*DATA FOR THE TASK*
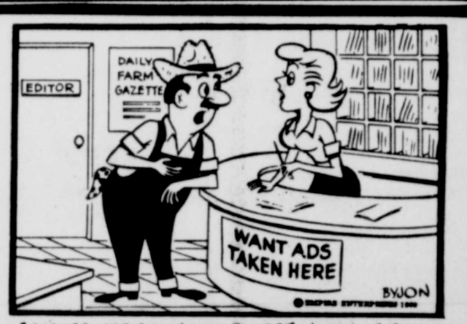
" FARMER, AGE 42 , WISHES TO MEET WOMAN OF 30

A call to Consumers will bring our on-the-farm tirerepair unit to keep your harvest machinery working. Also, call us for motor fuel oil and grease. Our service trucks are radio-dispatched to give you prompt service.
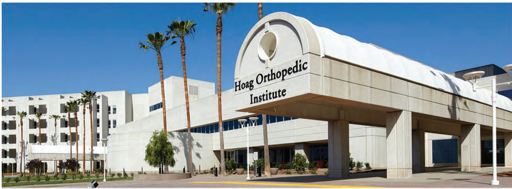
Hoag Orthopedic Institute, Irvine
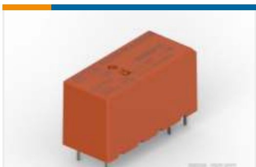
TE Part #2158000-7 RZH3-1A4-D006
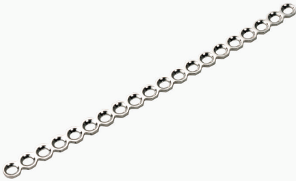
2.0 mm. Mini Adaptation Plate 2.0 mm. Mini Adaptasyon Plak
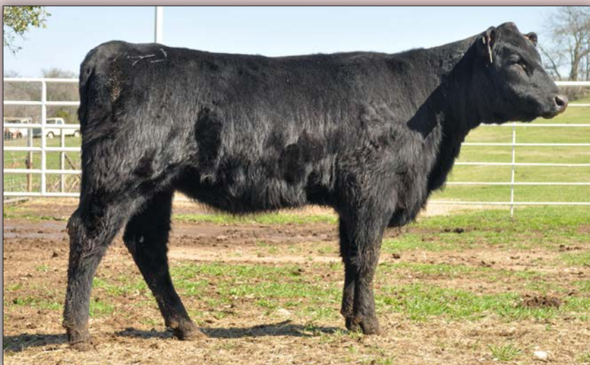
Lesikar Total Discovery K133 - Lot 78
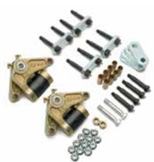
Dexter® E-Z Flex® Suspension Standard
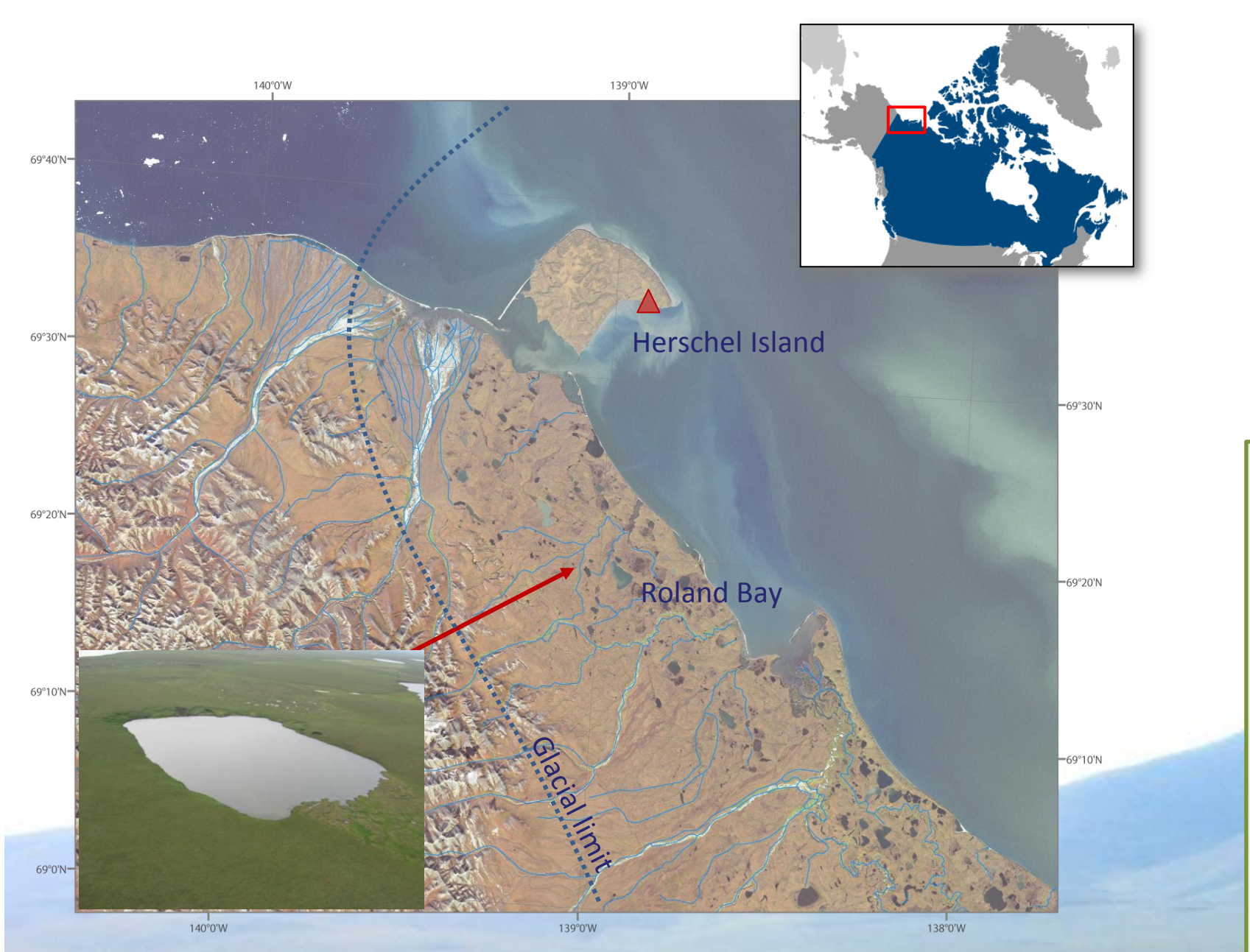
Fig. 1 Map of Yukon Coastal Plain and Herschel Island, showing lake location and western limit of former Laurentide Ice Sheet (map base compiled by Lantuit)

Regional climate variability and associated changes in vegetation

*YOUR TASK*
Everything in the listing above must be retyped exactly, except for the pictures.

*EXERCISE ANSWER*
" FARMER, AGE 42 , WISHES TO MEET WOMAN OF 30

A call to Consumers will bring our on-the-farm tirerepair unit to keep your harvest machinery working. Also, call us for motor fuel oil and grease. Our service trucks are radio-dispatched to give you prompt service.
Hoag Orthopedic Institute, Irvine
TE Part #2158000-7 RZH3-1A4-D006
2.0 mm. Mini Adaptation Plate 2.0 mm. Mini Adaptasyon Plak
Lesikar Total Discovery K133 - Lot 78
Dexter® E-Z Flex® Suspension Standard
Fig. 1 Map of Yukon Coastal Plain and Herschel Island, showing lake location and western limit of former Laurentide Ice Sheet (map base compiled by Lantuit)

Regional climate variability and associated changes in vegetation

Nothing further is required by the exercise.